In the last decades the need for plant-based meat has driven the formation of a whole new sector within the food technology domain and is constantly and reliably delivering modules that allow better mimicking of livestock meat characteristics via animal-free pathways. One of the characteristics that still suffer from insufficient imitation is the cooking behavior of meat. Livestock meat behaves like a soft gel in its raw form and turns into hard and texturized gel during the cooking process and specifically upon heating. This process is driven mainly by the denaturation and physical cross-linking of the meat's proteins. Unfortunately, naturally occurring plant proteins rarely display such behavior and form only weak gels, while sometimes requiring higher temperatures and/or longer cooking and is not compatible with routine culinary practice. For this reason, the plant-based meat industry is utilizing methylcellulose (MC) as a key component providing these products with binding and gelation characteristics. MC possess reverse-thermal-gelation (RTG) behavior, namely it hardens upon heating, going from viscous liquid or paste to hard gel. This transition occurs at fast rate and in the range of temperatures that is relevant to livestock meat and to common meat cooking processes, such as pan searing. This makes MC a natural choice for most beef meat analogs, such as burgers, mince meat and steaks. However, MC suffers of several disadvantages, such as its chemical nature, reversible behavior and lack of nutritional contribution, that are driving the research towards protein-based solutions.

The current invention addresses the need for plant-protein-based gelation systems that provide hard gels, suitable for use in the alternative meat industry, and provides combinations of proteins that exhibit synergistic-like behavior once combined according to principles presented below.

Thus, in accordance with a first of its aspects, the present disclosure provides a gel forming combination comprising a first plant protein and a second plant protein;

In accordance with a second of its aspects, the present disclosure provides a modified texturized vegetable protein (TVP) comprising TVP blended with a gel forming combination comprising a first plant protein and a second plant protein,

In accordance with a third of its aspects, the present disclosure provides a combination gel comprising the presently disclosed gel forming combination, according to the presently disclosed first aspect, and water, wherein the protein content in the combination gel is at least 12 wt %.

In accordance with a fourth of its aspects, the present disclosure provides a modified TVP gel comprising the modified TVP according to the presently disclosed second aspect, and water, the amount of water constituting at least 70% out of a total weight of said gel.

Finally, in accordance with a presently disclosed fifth aspect, there is provides an alternative meat product comprising a gel comprising a gel forming combination according to the presently disclosed first aspect, or a modified TVP according to the presently disclosed second aspect, or a combination gel according to the presently disclosed third aspect, or a modified TVP gel according to the presently disclosed fourth aspect.

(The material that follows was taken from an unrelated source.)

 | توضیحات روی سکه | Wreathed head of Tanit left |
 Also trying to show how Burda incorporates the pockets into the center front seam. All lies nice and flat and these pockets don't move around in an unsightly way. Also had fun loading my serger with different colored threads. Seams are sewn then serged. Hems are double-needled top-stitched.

A successful utilization of plant proteins in meat analogues largely relies on the ability to transform proteins into functional ingredients that give meat its texture, structure, and stability during cooking. While livestock (animal) meat proteins have unique native structure and gelation properties, plant-based proteins require processing and modifications to form gels with similar characteristics. It has been envisaged that improving the meaty texture of plant proteins can be achieved by improved protein gelation.

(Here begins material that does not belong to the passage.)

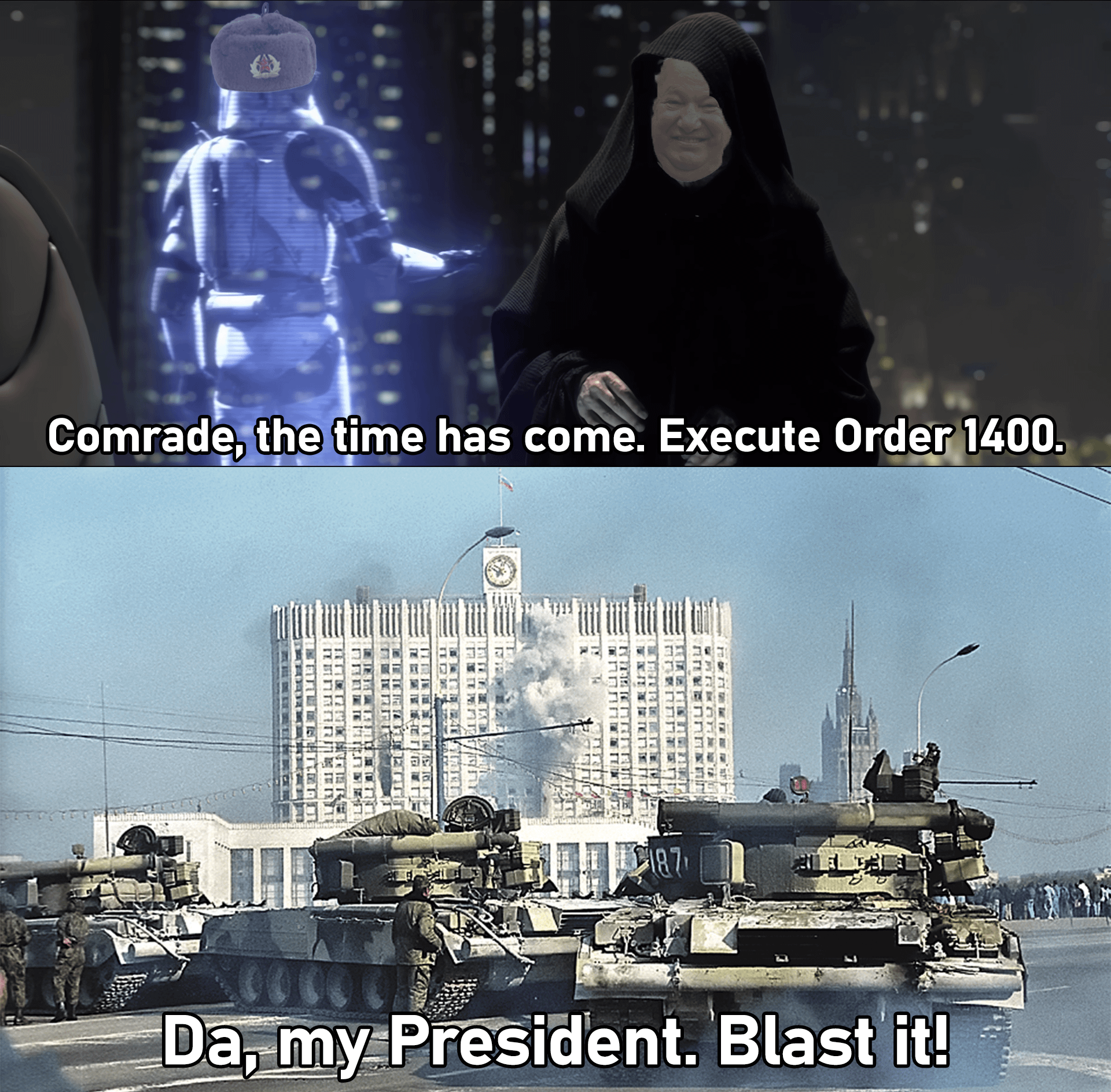 Yeltsin issued Decree 1400, dissolving Parliament and setting a date for early elections and a constitutional referendum. by R2J4

Thus, the presently disclosed subject matter, provides, in accordance with a first of its aspects, a gel forming combination comprising a first plant protein and a second plant protein;

In the context of the presently disclosed subject matter, the term “gelforming combination” is to be understood to encompass a composition comprising at least two edible/comestible plant proteins, a first plant protein out of the at least two plant proteins being potato protein, patattin or a combination of potato protein and pattatin; and a second plant protein out of the at least two plant proteins being a plant protein that is different from potato protein and from patattin, as further elaborated hereinbelow.

In the context of the presently disclosed subject matter, the term “gelforming combination” is also to be understood to encompass a composition of the at least two edible plant proteins, which, upon mixing with/dissolving in an aqueous medium, e.g. water, transformed from a liquid state into a gel state.

In some examples of the presently disclosed subject matter, the transformation from a liquid state to a gel state involves subjecting the aqueous medium with the combination to conditions that promote the formation of the gel, such conditions include, for example, temperature (heating or cooling), pH, the presence of specific chemicals or enzyme. In some particular examples, the condition comprises at least heating the mixture of the combination with aqueous medium, as further described below.

The gel forming combination comprises a first plant protein and a second plant protein.

In some examples of the presently disclosed subject matter, the first plant protein comprises or consists of potato protein.

In some examples of the presently disclosed subject matter, the first plant protein comprises or consists of patatin.

In some examples of the presently disclosed subject matter, the first plant protein comprises or consists of potato protein and patatin.

In some examples of the presently disclosed subject matter, the second plant protein is a plant protein excluding potato protein and excluding patatin. In the context of the presently disclosed subject matter, when referring to a plant protein “other than” or “different from” the first plant protein it is to be understood to encompass any edible plant protein, preferably one or more of those edible proteins suitable for use or known to be used or acceptable for use in the food and beverages industry, for the production of comestible products.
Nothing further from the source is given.